Catching up to Amended Rules in Eastern District

Catching up to Amended Rules in Eastern District

For many, November and December 2017 were a blur. In case you missed the Eastern District of Texas’ amended rules, we highlight a few below. The amended rules can be read in full here.

Local Rule CV-4 Complaint, Summons, and Return now calls for the use of the event Notice of Filing of Patent/Trademark Form (AO 120) or Notice of Filing of Copyright Form (AO 121). The intention of this change was to reduce “filing deficiencies” instead of docketing it as a separate event.

Local Rule CV-5 Service and Filing of Pleadings and Other Documents no longer requires the return of the completed summons or waiver of service in a civil case. The comments indicate that this change was made to not only to reduce the number of calls the clerk’s office receives from attorneys who want to electronically file their returns of summons, but also to make the filing of completed summons easier for attorneys.

Local Rule CV-5 Service and Filing of Pleadings and Other Documents addresses sealed documents.

“Except as otherwise provided by Local Rule CR-49, a party filing a document under seal must publicly file a version of that document with the confidential information redacted within two days, unless the entire document is confidential information.”

Per the court’s comments, because the Eastern district hasn’t required the filing of a public but redacted version of any sealed pleading, brief or motion, the docket sheets often contained mostly sealed documents, which obscured from public view.

We jump to Local Rule CV-7 Pleadings Allowed; Form of Motions and Other Documents and the time to file a response.

“A party opposing a motion has fourteen days (twenty-one days for summary judgment motions) from the date the motion was served in which to file a response and any supporting documents, after which the  court will consider the submitted motion for decision.”

Per the comments, this change was made in response to the elimination of the three-day rule of FRCP 6(d) and attorneys’ feedback that response times for summary judgment motions was too short at 14 days.

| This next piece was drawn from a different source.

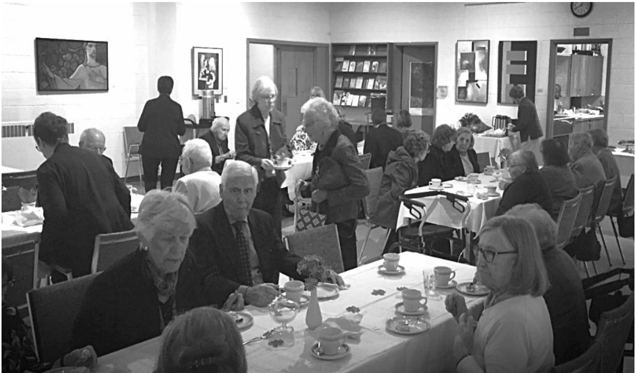
Kopā iz baudām Pļaujas svētku maltīti.

Local Rule CV-83 Rules by District Courts; Judge’s Directives was amended to make the rules compliant with the Alternative Dispute Resolution Act. In short:

“Litigants in all civil actions shall consider the use of an alternative dispute resolution process at an appropriate stage in the litigation. This consideration shall include, but is not limited to, mediation …”

A final amendment addresses the matter of attorney discipline, in particular, disciplinary action initiated in other courts.  Per the comments:

“The automatic disbarment component of the rule is amended to ensure consistency with the requirement that an attorney be afforded due process before suspension or disbarment.”

We’ll stay in the Eastern District a bit longer to for a refresh on the important venue case of TC Heartland, which will surely have an impact in 2018.

Last October, we posted a blog about a federal appeals court disagreeing with an Eastern District judge’s decision to rule against the defendant’s request for a change of venue, which he based on a single salesman working out of his home within the district on behalf of the Seattle-based company.

The appeals court referred to the Supreme Court’s residency requirement in its TC Heartland decision.

In December, University of Houston law professor Paul M. Janicke mulled over the predictions he made in early 2017 regarding TC Heartland.

When considering the future most popular venues for filing new patent cases post-TC Heartland, he omitted the Eastern district. To his surprise after reviewing June 1-December 1, 2017 stats, the Texas venue was not only in the top five, but second only to Delaware. Says Professor Janicke:

“I thought there were too few regular places of tech business in that district to support the now-tight venue requirements. It turns out in the six months since the Heartland decision Eastern Texas has been quite an active choice …”

He goes on to state that the legal issues around patent venue are far from completely resolved.

“We are living in an age when many large entities are converting from the corporate business form to LLC, largely for tax reasons. What is the proper venue for a patent suit against an LLC? Oddly, Heartland did not address that question.”

For the future, the professor does predict that there will be a reduction in patent suit filings across all venues.